New research could improve the odds that people with obsessive-compulsive disorder (OCD) will receive a therapy that really works for them—something that eludes more than a third of those who currently get OCD treatment. The study, performed at the University of Michigan, suggests the possibility of predicting which of two types of therapy will help teens and adults with OCD: One that exposes them to the specific subject of their obsessive thoughts and compulsive behaviors, or one that focuses on general stress reduction and a problem-solving approach.

While the researchers caution that it’s too early for their work to be used by patients and mental health therapists, they’re planning and conducting further studies that will test the framework and see if it also applies to children with OCD or obsessive tendencies.

Comparing Therapies

The new study, published in the American Journal of Psychiatry, examines advanced brain scans of 87 teens and adults with moderate to severe OCD who were randomly assigned 12 weeks of one of the two types of therapy. The researchers found that in general, both types of therapy reduced the symptoms that participants experienced. The approach known as “exposure therapy,” a form of cognitive behavioral therapy or CBT, was more effective and reduced symptoms more as time went on, compared with stress-management therapy, or SMT.

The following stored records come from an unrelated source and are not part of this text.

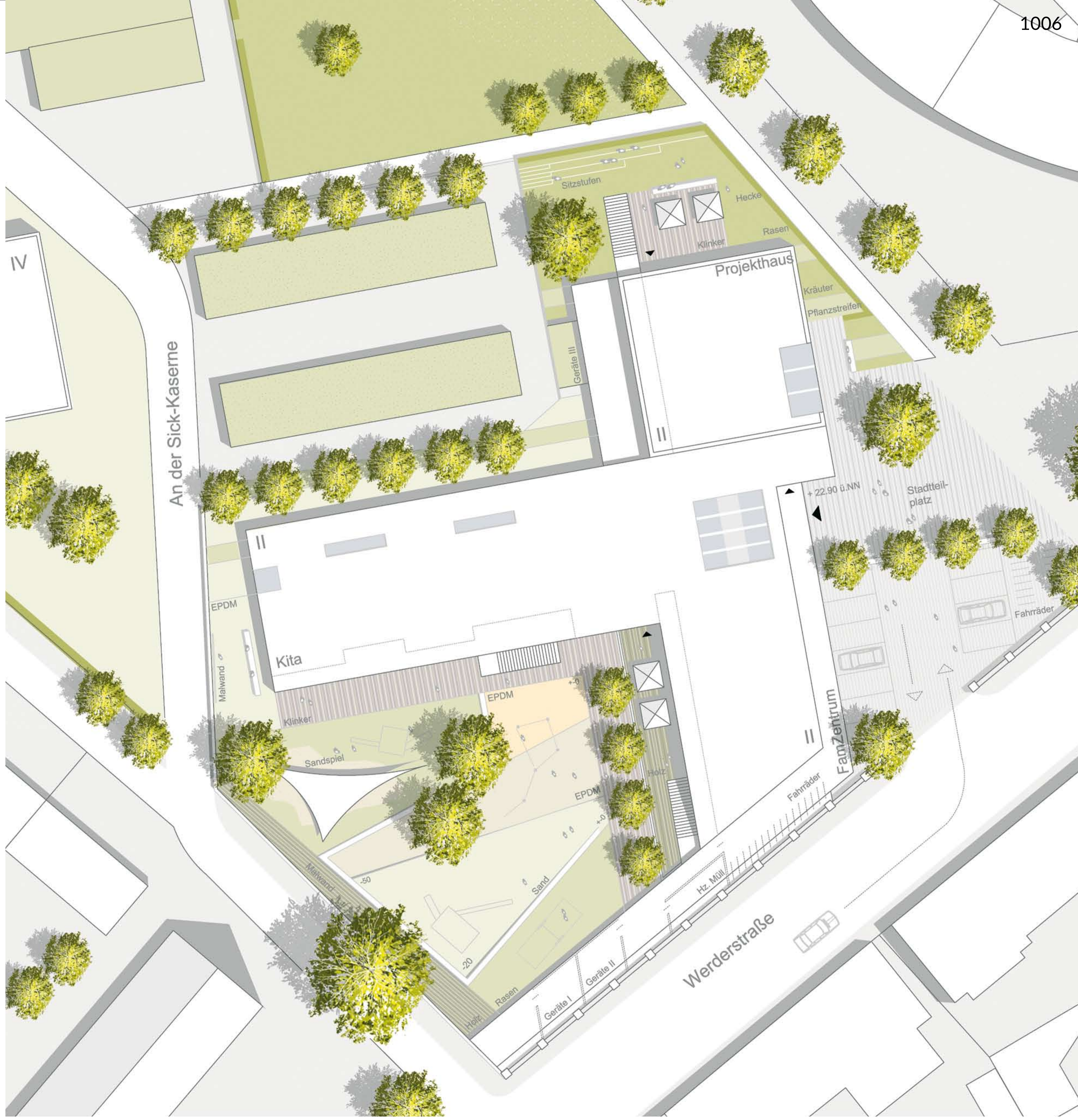
Lageplan _ M. 1:200
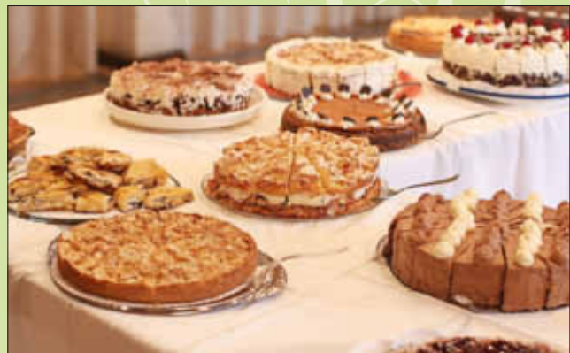
Eine große Auswahl an selbst gebackenen Kuchen gab es am Buffet.
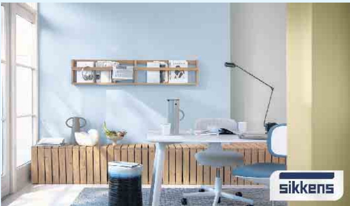
Büro in dezentem hellblau

Farbtöne. Darin enthalten sind nicht nur die beliebtesten Farbtöne, sondern auch mehr klassische Farbtöne an Off-Whites, Grautönen und gedeckten Farben. Die sorgfältige Farbwahl trägt in hohem Maße dazu bei, ein Zuhause wohnlich zu gestalten und die perfekte Farbe zu finden. Mit den Sikkens LifestyleColors verfügt auch der Malerbetrieb Schnorbus über einen qualifizierten Leitfaden für eine erfolgreiche Farbberatung für jeden Geschmack: Effektfarbtöne sorgen für außergewöhnliche Oberflächenoptik. Die zehn ausgesuchten Alpha Metallic Farbtöne sind ganz auf die Ansprüche hochwertiger und moderner (Innen)Architektur abgestimmt. Die Kollektion Weiss von Sikkens
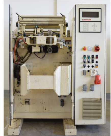
ROVEMA VPR 250 vorher

→ Preis je nach Maschine, Baujahr und Ausstattung → Ausstattung mit Applikationen gemäß Kundenwunsch
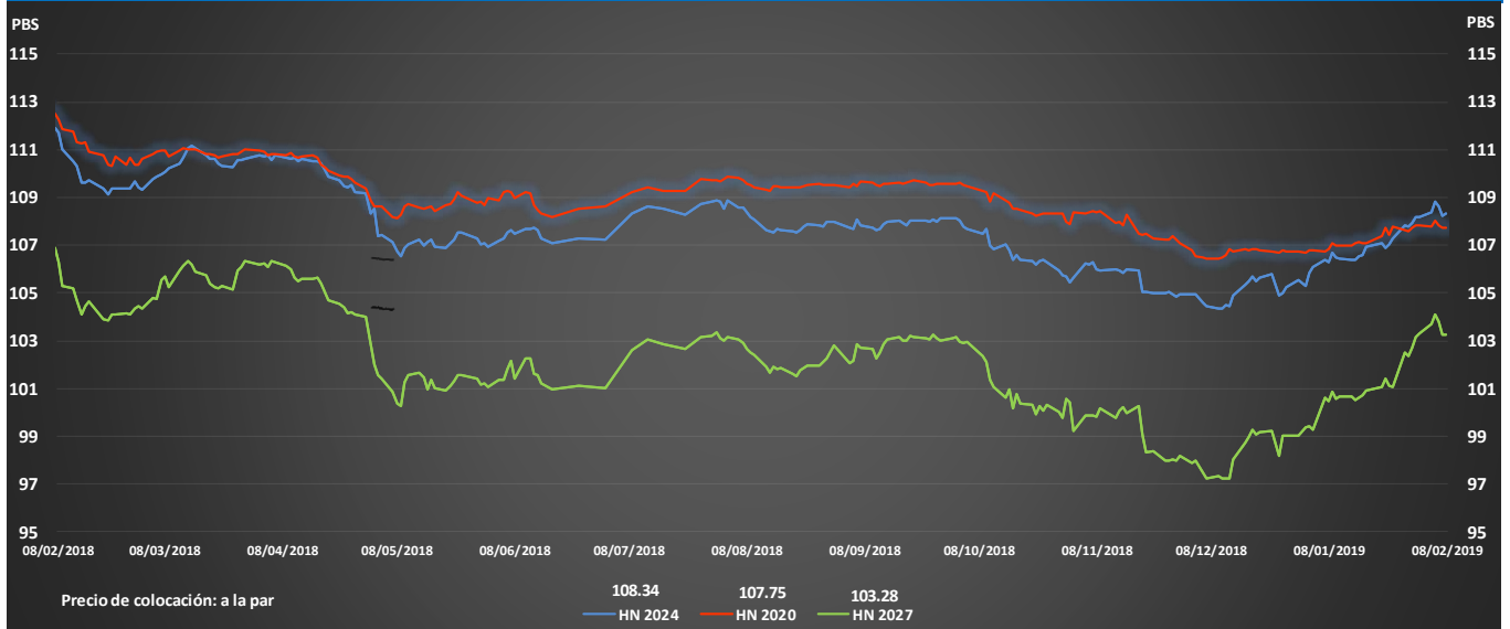
Gráfica de Precios en el Mercado Secundario al 08 de Febrero de 2019
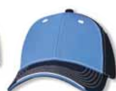
SP9500 Light Blue/Navy Bleu Pâle/Marine
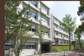
自然科学教棟 →Map 27
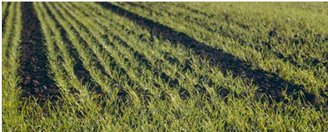
Abb. 48: Aufgehende Getreidesaat.
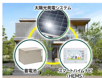
3点セット(PV、蓄電池、HEMS)を全邸搭載

快適な室内環境の確保やカーボンニュートラル社会への貢献を目指し、全邸を『ZEH』仕様※1とします。高い品質管理のもと大半が工場生産される高気密・高断熱の躯体性能をベースに、PV(4kW以上推奨)、蓄電池(4.9kWh以上※2)、HEMS「スマートハイムナビ」の3点セットを全邸で採用。可能な限り自然エネルギーを活用し、電力価格高騰リスクにも対応するクリーンな暮らしを実現します。

But when the researchers looked back at the brain scans taken before the patients began therapy, and linked them to individual treatment response, they found striking patterns. The brain scans were taken while patients performed a simple cognitive task and responded to a small monetary reward if they did the task correctly.

Those who started out with more activation in brain circuits for processing cognitive demands and reward during the tests were more likely to respond to CBT—but those who started out with less activation in those same areas during the same tests were more likely to respond well to SMT.

“We found that the more OCD-specific form of therapy, the one based on exposure to the focus of obsession and compulsion, was better for relieving symptoms, which in itself is a valuable finding from this head-to-head randomized comparison of two treatment options,” says Stephan Taylor, MD, the study’s senior author and a professor of psychiatry at Michigan Medicine, U-M’s academic medical center.

“But when we looked at the brain to see what was behind that response, we found that the more strength patients had in certain brain areas were linked to a greater chance of responding to exposure-based CBT.”